I Was a Dancer - Jacques D'Amboise [203]
Sharing the stage with Merrill Ashley, 1970 (image credit 23.4)
At the fiftieth reunion of NYCB, they posted big placards, designating decades—dancers of the ’40s, ’50s, ’60s, ’70s, ’80s—I fit them all, and I wandered around, greeting my compatriots. Among those of the first three decades, a quarter of them had joint replacements; by far, the majority were hips. What we did for love.
My memoirs are not filled with angst. There hasn’t been horror. My son George didn’t die. My brother John did, but he was close to eighty, and I was lucky to be at his bedside with his wife, Mary, his daughter Maureen, and especially my sister, Ninette, who held his hand and sat with him, murmuring praise, “What a great brother you’ve been, John, what a good man you are,” and singing lullabies and Irish ditties, past his final exhale.
A wild, untamed youth learns nobility through art, 1962 (image credit 23.5)
I love hanging out with Ninette, a diligent transformer of NYC vacant lots into garden oases, and I got her to perform with NDI. Brother Paul and his wife, Kathleen, for many years came to New York to help out at NDI. Occasionally I pop up to visit their fiefdom in Maine, where they preside over their enormous family. Cate’s two children, Shane and Sam, are seizing life with passion and grace, and have performed with NDI New Mexico. Charlotte and her actor husband, Terrence Mann, are raising their two girls—Shelby and Josephine—and I have already wheedled the four of them to perform with NDI.
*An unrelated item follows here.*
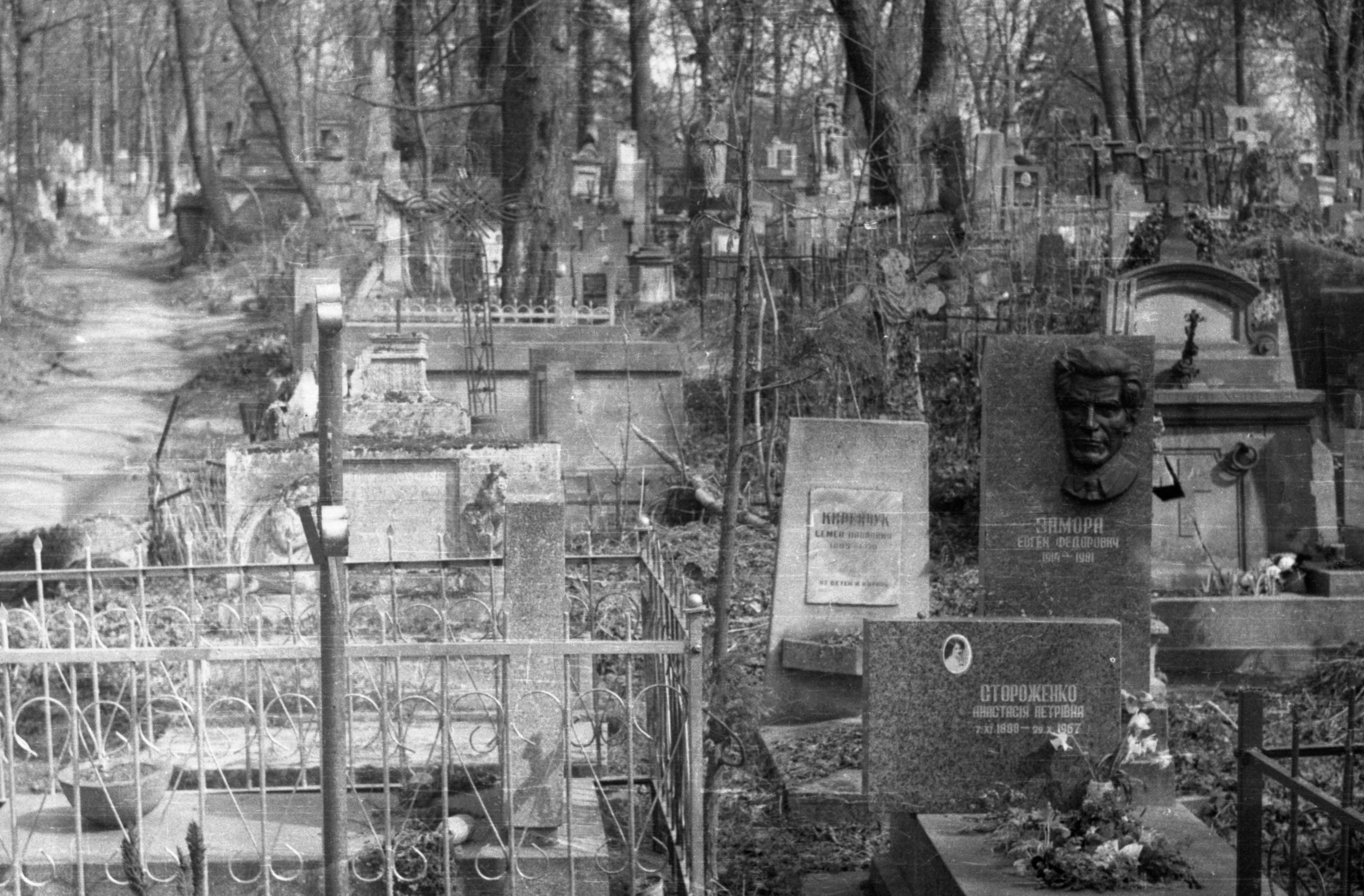 | dc.description.abstract | Фрагмент поля №15. На світлині — велика група надгробків різних періодів, серед яких — поховання Замори Євгена Федоровича і Стороженко Анастасії Петрівни. Замора Євген Федорович (29.10.1914-21.03.1981) — інженер, науковець в галузі радіотехніки, професор Львівського політехнічного інституту, альпініст. Надгробок — стела з барельєфним портретом покійного і інскрипцією про нього. Стороженко Анастасії Петрівни (1888-1967). Надгробок — стела з фотографією покійної і інскрипцією про неї. | |

I don’t know if anyone reading these memoirs will be disappointed that there was no revelation of drugs and childhood abuse. I’ve always been happy. In Staten Island, I escaped untouched by the man in the shadows of the barn, I survived the streetcar, never was sued by the city of Hamburg, and didn’t get polio when poor Tanny did. I hugged her that night in Cologne in 1956, and flew home to my bed in New York; she flew to Copenhagen, to recline in an iron lung. Dear Tanny, bravery and humor sat with you in your wheelchair for almost fifty years. Fate could have had me sitting in its mate, but I can still walk. The Cuban missile crisis did not escalate into war, so I never had to do pliés in a Siberian gulag; and Carrie and I weren’t at the Bishops’ the night of the slaughter.
Everything was given to me, by the best and of their best.
Twentieth century born, and trying to understand the twenty-first; I have become a proselytizer for the importance of the arts and learning. But, above all, and central to everything, I was a dancer.
As Milly said to me, and I often say to Carrie, “We did a good job. Goodbye.”
Appendix: The Novena
In writing these memories, I implored several friends from the old days to set me straight on the exact structure of the Novena. Each person had a different version. I’ve reprinted one here. (Maybe you can figure it out.)
ORIGIN AND METHOD
This devotion, which the author has called the “Rosary Novena to Our Lady,” is of comparatively recent origin.
“In an apparition of Our Lady of Pompeii, which occurred in 1884 at Naples, in the house of Commander Agrelli, the heavenly Mother deigned to make known the manner in which she desires to be invoked.
“For thirteen months Fortuna Agrelli, the daughter of the Commander, had endured dreadful sufferings and torturous cramps; she had been given up by the most celebrated physicians. On February 16, 1884, the afflicted girl and her relatives commenced a Novena of Rosaries. The Queen of the Holy Rosary favored her with an apparition on March 3rd. Mary, sitting upon a high throne, surrounded by luminous figures, held the divine Child on her lap, and in her hand a Rosary. The Virgin Mother and the holy Infant were clad in gold-embroidered garments. They were accompanied by St. Dominic and St. Catherine of Siena. The throne was profusely decorated with flowers; the beauty of Our Lady was marvelous.